How to Escape Saddle Points Efficiently

Authors: Chi Jin, Rong Ge, Praneeth Netrapalli, Sham M. Kakade, Michael I. Jordan

ICML 2017 | Conference PDF | Archive PDF | Plain Text | LLM Run Details

Reproducibility Variable Result LLM Response
Research Type Theoretical This paper shows that a perturbed form of gradient descent converges to a second-order stationary point in a number iterations which depends only poly-logarithmically on dimension (i.e., it is almost dimension-free ). The convergence rate of this procedure matches the well-known convergence rate of gradient descent to first-order stationary points, up to log factors. This paper presents the first sharp analysis that shows that (perturbed) gradient descent finds an approximate second-order stationary point in at most polylog(d) iterations, thus escaping all saddle points efficiently.
Researcher Affiliation Collaboration 1University of California, Berkeley 2Duke University 3Microsoft Research India 4University of Washington.

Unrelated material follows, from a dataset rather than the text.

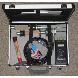 TreeSonic is designed to measure stress wave propagation time in trees in fibre direction. The signal is generated by a hammer tap on the start sensor. By measuring the distance between the two sensors, velocity in fibre direction can be calculated. Fibre direction velocity correlates well with elastic modulus and yield strength of wood. In this way wood material of the tree can be graded before cutting.
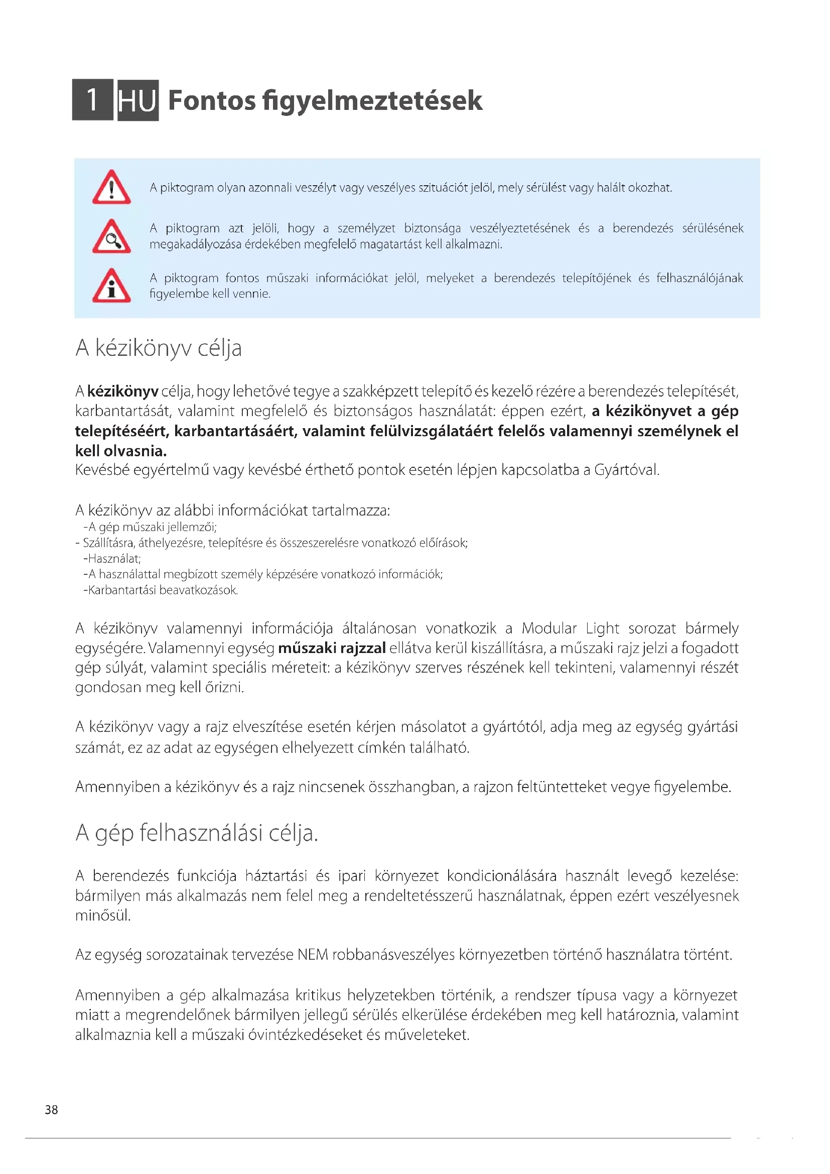 Biztonsági szabályok A gép használatához és karbantartásához előírt illetékességek Általános kezelő: Az elektromos vezérlőszekrény kapcsolótábláján lévő vezérlők révén a gép irányítására ENGEDÉLLYEL rendelkező személy. Csak a gép vezérlésének műveleteit, bekapcsolást/kikapcsolást végzi (Szakképzett) mechanikai karbantartó: A mechanikus egységek karbantartási, beállítási, csere és javítási beavatkozásaira ENGEDÉLLYEL rendelkező személy. Ismernie kell a mechanikus rendszereket, vagyis képesnek kell lennie mechanikus karbantartás megfelelő és biztonságos elvégzésére, rendelkeznie kell elméleti előkészítéssel és manuális tapasztalattal. NINCS ENGEDÉLYE az elektromos rendszereken végzett karbantartásokra. A gyártó műszaki szakembere (szakképzett): Bármilyen szituációban komplex műveletek végzésére ENGEDÉLLYEL rendelkező személy. A felhasználóval összhangban végzi a munkáját. (Szakképzett) elektromos karbantartó szakember: Elektromos jellegű, beállítási, karbantartási, valamint elektromos javítási beavatkozások végzésére ENGEDÉLLYEL rendelkező személy. ENGEDÉLLYEL rendelkezik feszültség alatt lévő elektromos szekrényeken és elosztódobozokon történő beavatkozásra. Elektronikus vagy elektrotechnikus képzettséggel kell rendelkeznie, vagyis képesnek kell lennie elektromos rendszereken történő megfelelő és biztonságos beavatkozásra, rendelkeznie kell elméleti előkészülettel és bizonyított tapasztalattal. NINCS ENGEDÉLYE mechanikai jellegű beavatkozások végzésére. A gép telepítéséhez előírt illetékességek A telepítő szakembereknek a beavatkozásokat saját szakképzettségüknek megfelelően kell elvégezni: saját illetékességén kívül eső valamennyi beavatkozást (pl.: elektromos bekötések) speciális és szakképzett kezelőknek kell elvégezniük annak érdekében, hogy ne veszélyeztessék saját biztonságukat, és a berendezéssel kapcsolatba kerülő más személyek biztonságát. A gép szállításáért és mozgatásáért felelős kezelő: engedéllyel rendelkező, szállítóeszközök és emelőeszközök használatában jártas személy. Műszaki telepítő személy: a gyártó vagy megbízottja által biztosított képzett műszaki szakember, aki a gép telepítéséhez szükséges megfelelő műszaki illetékességgel és képzettséggel rendelkezik. Kisegítő személy: a felszerelés emelésének és összeszerelésének irányítási feladatát végző műszaki személy. Megfelelő képzettséggel kell rendelkeznie, valamint információkkal kell rendelkeznie a beavatkozásokkal és a telephely/telepítési hely biztonsági terveire vonatkozóan. A kézikönyvben valamennyi művelethez meghatároztuk a feladat elvégzéséhez illetékes műszaki személyt. A telepítők, felhasználók és karbantartók NEM végezhetnek munkát a gépen, amennyiben: - nincs tapasztalatuk, nem felelősek vagy kiskorúak; - testi károsodással élnek vagy testi és szellemi állapotuk nem tökéletes; - nem rendelkeznek a gép üzemciklusára vonatkozó ismeretekkel; - nem végezték el az elméleti/gyakorlati felkészítő tanfolyamot egy tapasztalt gépkezelő illetve a gyártó szakembere vezetésével. A kézikönyvben valamennyi művelethez meghatároztuk a feladat elvégzéséhez illetékes műszaki személyt.40 A gép telepítése, használata és karbantartása előtt olvassa el figyelmesen a kézikönyvet, őrizze meg a kezelők későbbi tanulmányozása céljából. Ne távolítsa el, ne tépje el és ne írja át semmilyen okból a kézikönyv részeit. Az összes telepítési, felszerelési, elektromos hálózati bekötési, valamint rendes/rendkívüli karbantartási műveletet kizárólag olyan műszaki szakemberek végezhetnek, akik betartják a törvény előírásait, elektromosan kikapcsolták az egységet és egyéni védőfelszerelést (pl. védőkesztyűt, -szemüveget stb.) alkalmaznak, a telepítési célországban érvényes szabványok szerint és a munkahelyi biztonságra és a berendezésekre vonatkozó összes szabványnak megfelelően. A kézikönyvtől eltérő telepítés, használat vagy karbantartás sérüléseket vagy halálos baleseteket okozhat, érvényteleníti a garanciát, és felmenti a gyártót bármilyen felelősség alól. A berendezés mozgatása vagy telepítése során a balesetek megelőzése, valamint saját vagy más személyek biztonságának biztosítása érdekében kötelező védőfelszerelés és a célnak megfelelő eszközök alkalmazása. A gép összeszerelése vagy karbantartása során a munkaterület közelében telepítés végzésével nem megbízott személyek áthaladása vagy tartózkodása NEM engedélyezett. Bármilyen telepítési vagy karbantartási beavatkozás előtt válassza le a berendezést az elektromos hálózatról. A berendezés telepítése előtt ellenőrizze, hogy a rendszerek megfelelnek-e a felhasználás országában érvényes szabványoknak, valamint az azonosító adattáblán található adatoknak. A felhasználónak/telepítő szakembernek kell meggyőződnie a telepítésre vonatkozó statikus és dinamikus stabilitásról, valamint elő kell készítenie a környezetet úgy, hogy illetéktelen és engedéllyel nem rendelkező személyek NE férhessenek a géphez vagy a gép vezérlőihez. A felhasználónak/telepítő szakembernek kell meggyőződnie arról, hogy a környezeti feltételek nem veszélyeztetik-e a személyi és dologi biztonságot a telepítési, felhasználási és karbantartási fázisok alatt. Győződjön meg arról, hogy a levegő beszívás nem elvezetők, égéstermékek vagy egyéb szennyező elemek közelében történik. NE telepítse a berendezést erős szélnek, magas sótartalmú környezetnek, nyílt lángnak vagy 40°C (104°F) foknál magasabb hőmérsékletnek kitett helyekre. A telepítés végén adjon megf

Pseudocode Yes Algorithm 1 Perturbed Gradient Descent (Meta-algorithm); Algorithm 2 Perturbed Gradient Descent: PGD(x0, ℓ, ρ, ϵ, c, δ, f); Algorithm 3 Perturbed Gradient Descent with Local Improvement: PGDli(x0, ℓ, ρ, ϵ, c, δ, f, β)
Open Source Code No The paper does not provide any statement about making its source code available or provide a link to a code repository.

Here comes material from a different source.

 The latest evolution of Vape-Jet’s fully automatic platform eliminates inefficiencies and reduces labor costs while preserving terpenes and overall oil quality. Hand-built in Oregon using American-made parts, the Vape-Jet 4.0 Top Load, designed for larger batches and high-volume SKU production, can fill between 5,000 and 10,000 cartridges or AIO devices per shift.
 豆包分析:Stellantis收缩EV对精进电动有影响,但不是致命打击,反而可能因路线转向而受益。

Open Datasets No The paper is theoretical and does not conduct empirical experiments involving datasets or training. The example of Matrix Factorization is used for theoretical analysis, not empirical evaluation.
Dataset Splits No The paper is theoretical and does not describe empirical experiments with data splits for training, validation, or testing.
Hardware Specification No The paper is theoretical and does not describe any empirical experiments, therefore no specific hardware specifications are mentioned.
Software Dependencies No The paper focuses on theoretical analysis and algorithm design, not on implementation details that would require specific software dependencies with version numbers.
Experiment Setup No The paper focuses on theoretical analysis and does not describe an experimental setup with hyperparameters or system-level training settings.